2. Download the 7zip file and Odin3.
3. Open Odin3
4. Connect the phone to the computer
5. Enter download mode (hold the vol down key and press power). Odin3 should now see the phone.
6. In Odin3 click 'PDA' and select the PDA ODIN file from the archive
7. In Odin3 click 'PHONE' and select the PHONE ODIN file from the archive
8. Click Start! After it is completed the phone will reboot. The Odin3 screen should look like at attached screen.
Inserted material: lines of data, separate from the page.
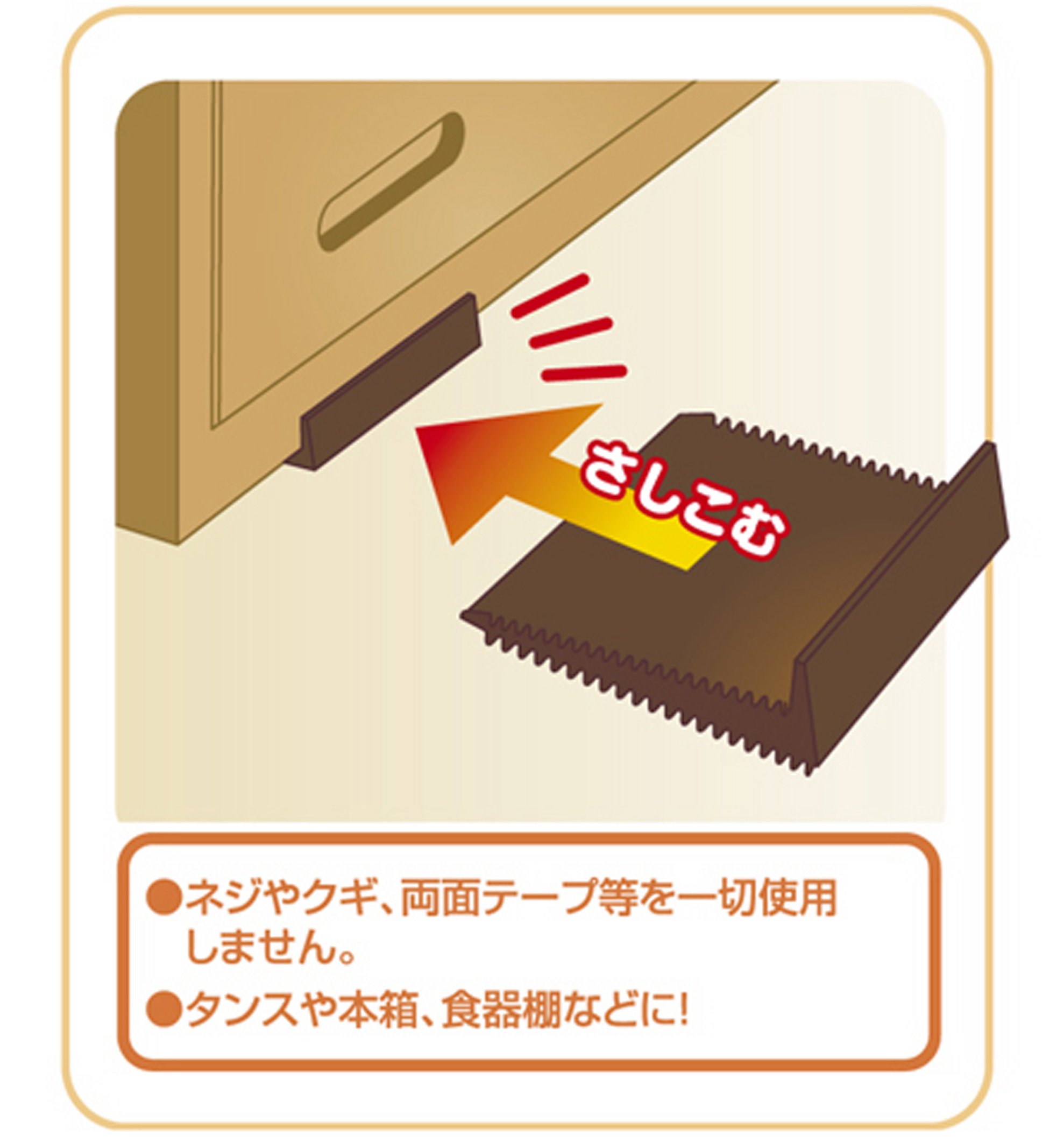 By installing it on furniture such as a chest of drawers and a cupboard, it prevents the slide and prevents it from falling. Earthquake-proof stopper
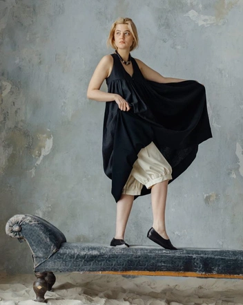Вещи российского бренда Masha Andrianova на городских улицах узнаются безошибочно: несмотря на спокойные натуральные оттенки, они выглядят необычно, даже немного экстравагантно. При этом угадать источник вдохновения основателя марки Маши Андриановой нетрудно — это исторический костюм Русского Севера. Именно об этой дуальности современности и традиционности мы с ней и поговорили.
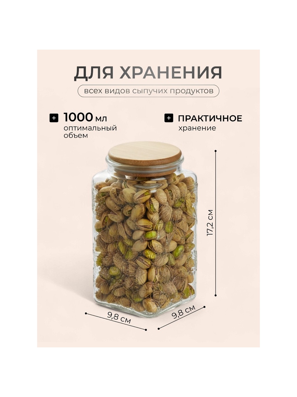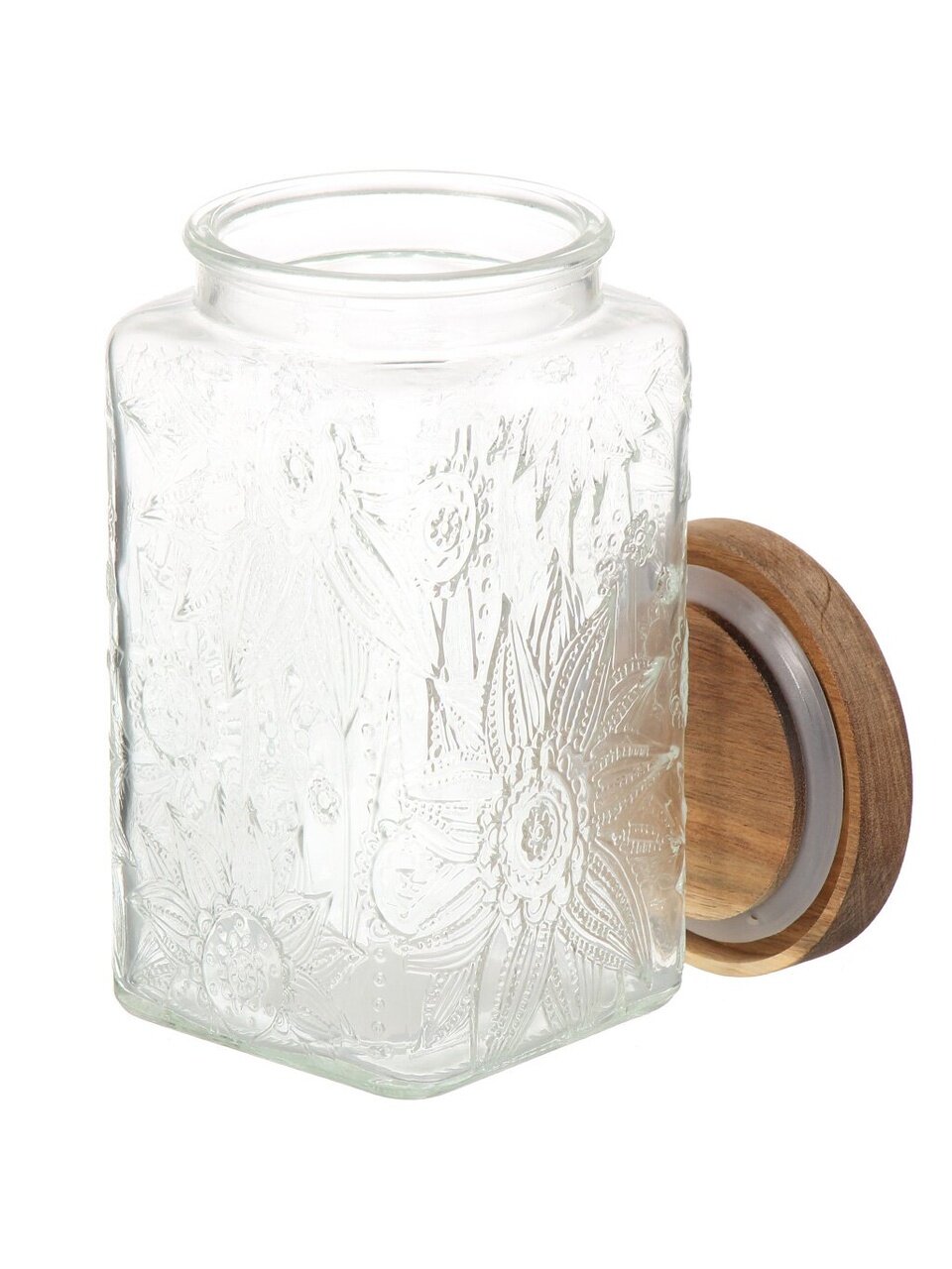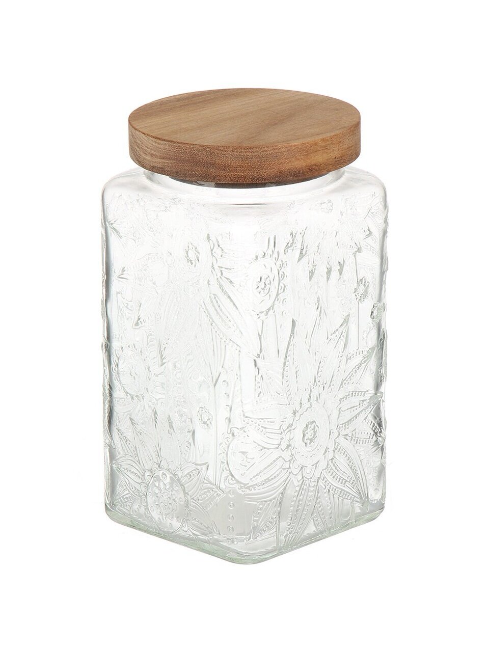 Объём — 1 литр, размеры: длина и ширина 9.8 см, высота 17.2 см; форма — квадратная, крышка из дерева, прозрачное рельефное стекло.
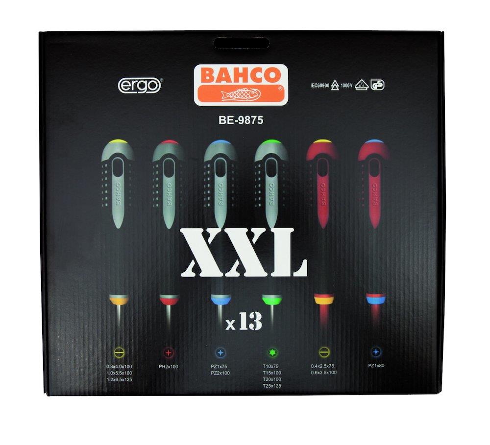 Bahco XXL ergonomisk skruetrækkersæt med 13 dele for Phillips-, Pozidriv-, ligekærv- og Torx®-skruer. Indeholder 3 ligekærv, 2 ligekærv (1000V), 1 Phillips, 2 Pozidriv, 1 Pozidriv (1000V) og 4 Torx®.
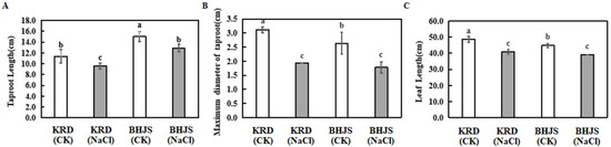 Morphological parameters of carrot under salt stress. (A) Taproot length; (B) Maximum diameter of taproot; (C) Leaf length. Different lowercase letters indicate significant differences among different carrot cultivars and treatment at the p < 0.05 level.

File: VzW-SCHi515-FactoryODIN-ICL53F-4.0.2.7z
Link: http://bit.ly/zEVmoP
md5 : b94776ca0102f8be02ccea90dcaaf271
Size: 158 MB

File: Odin3_v1.3.exe
Link: http://bit.ly/wcTDuO
md5 : a93c47f0589153249f453375be7d8643
Size: 406 KB

Inside the 7zip file:

File: VzW-PDA-ODIN-I515EL03_ICL53F_signed.tar
md5 : 6ff33e5b0d6b2da1c13824e0d90e97d9

File: VzW-PHONE-ODIN-SCH-I515.EK02_LTE.tar
md5 : b8d16828a1b777e4938834cba9e8f601


----------



## housry23 (Aug 25, 2011)

Handier, easier and better than any other way to restore your phone to stock. Nice find and thanks for sharing!


----------



## DonJuan692006 (Dec 31, 2011)

This couldn't have come at a better time...guess I'll be your first guinea pig. I'm about to take my phone back to the Verizon store since I'm one of the many that are having issues with completely losing all signal while on 4G. Hoping this works.


----------



## richarad (Aug 14, 2011)

Thanks for this. I used this on my Fascinate MANY times as it is a good way to completely erase random stuff from being flash happy. 1 question thought - with my fascinate, there was an option to use a pit file and repartition if there were more complex errors. Do you know if this still works or can this be used? Thanks!


----------



## pbj420 (Aug 24, 2011)

Thanks so much for these files. Will these files work with odin3 v1.85?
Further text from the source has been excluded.